Di sisi lain, abad ke-21 tampaknya merupakan abad emosi. Alasannya sangat bagus, dengan itu kita melakukan sains, tetapi dengan emosi kita, kita membuat banyak keputusan terpenting. Emosi yang diingkari pria, berdasarkan stereotip, hingga beberapa tahun lalu. Sekarang mereka berusaha menemukan cara mereka sendiri untuk berbicara tentang mereka, sama seperti para wanita menemukan cara mereka dan telah berlatih untuk waktu yang lama..

Dalam kerangka ambiguitas ini, akhirnya Banyak pria tidak tahu apakah mereka harus terus mendukung nilai-nilai maskulin tradisional atau "feminisasi" sedikit banyak untuk memenuhi harapan budaya baru.

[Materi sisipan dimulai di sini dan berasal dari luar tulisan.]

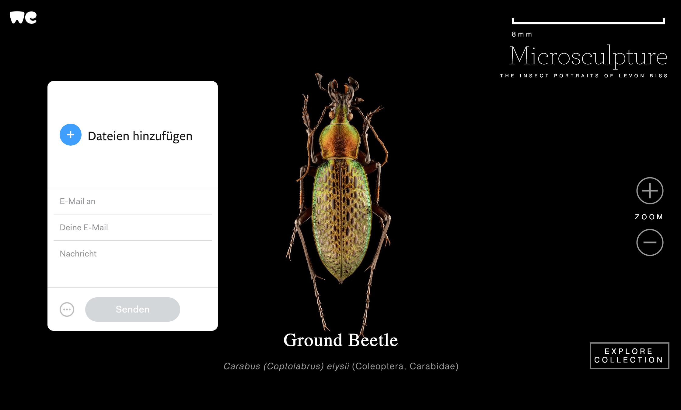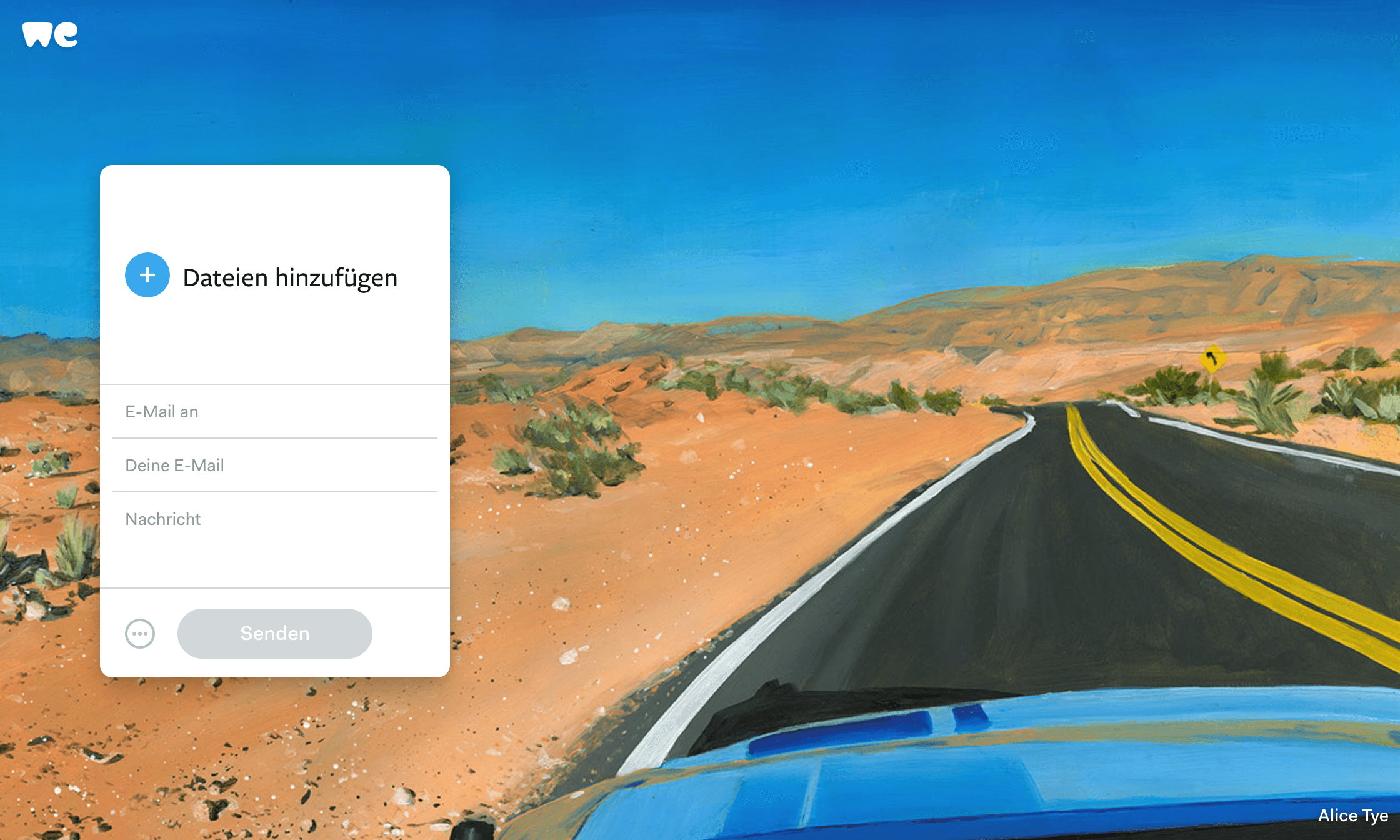 WeTransfer ist ein Onlinedienst zum Verschicken von großen Daten. Ihr Interface nimmt wenig Platz ein (siehe Bild) und lässt so Platz zur Präsentation von Arbeiten aus der Kreativbranche. Es können statische Bilder von Fotografen sein, oder interactive Microsites. So schafft sich WeTransfer eine kleine Community hinter ihrem Dienst und sie fördern Projekte die ihnen gefallen.

Dalam konteks ini apa Berkerumun adalah serangkaian subkultur, masing-masing dengan cara yang berbeda dalam memahami maskulinitas, berkali-kali epidermis. Inilah beberapa di antaranya:

  • Hipsters. Ini terkait dengan gaya hidup alternatif, yang akhirnya diekspresikan hampir secara eksklusif dalam estetika penampilan. Pria hipster mengenakan jenggot sebagai tanda identitas.
  • Para fofisanos. Mereka menolak pemujaan ke gimnasium dan berpikir bahwa mereka harus memberi diri mereka selera makan dan minum.
  • Lumberexuales. Mereka ingin terlihat seperti "macho khas", dengan janggut lebar dan gaun koboi.
  • Normcore. Terinspirasi oleh Mark Zuckerberg, mereka ingin berpakaian santai, semoga sama setiap hari, dengan pakaian yang tidak menarik perhatian.
  • Muppies. Mereka sangat terhubung, mereka khawatir tentang mempertahankan penampilan yang baik dan mereka ingin berada dalam mode terbaru.

Pria dan takdir mereka

Seperti yang Anda lihat, apa yang disebut "maskulinitas baru" dalam banyak kasus tidak lebih dari masalah mode, bukan pencarian sejati untuk identitas.. Ada yang mengatakan bahwa pria telah "histeris": sekarang mereka bersaing dengan wanita dalam hal penampilan. Mereka ingin menggoda, dengan gaya feminin. Mereka menggunakan makeup, krim dan lilin dan pada skala prioritas mereka penampilan telah naik banyak posisi.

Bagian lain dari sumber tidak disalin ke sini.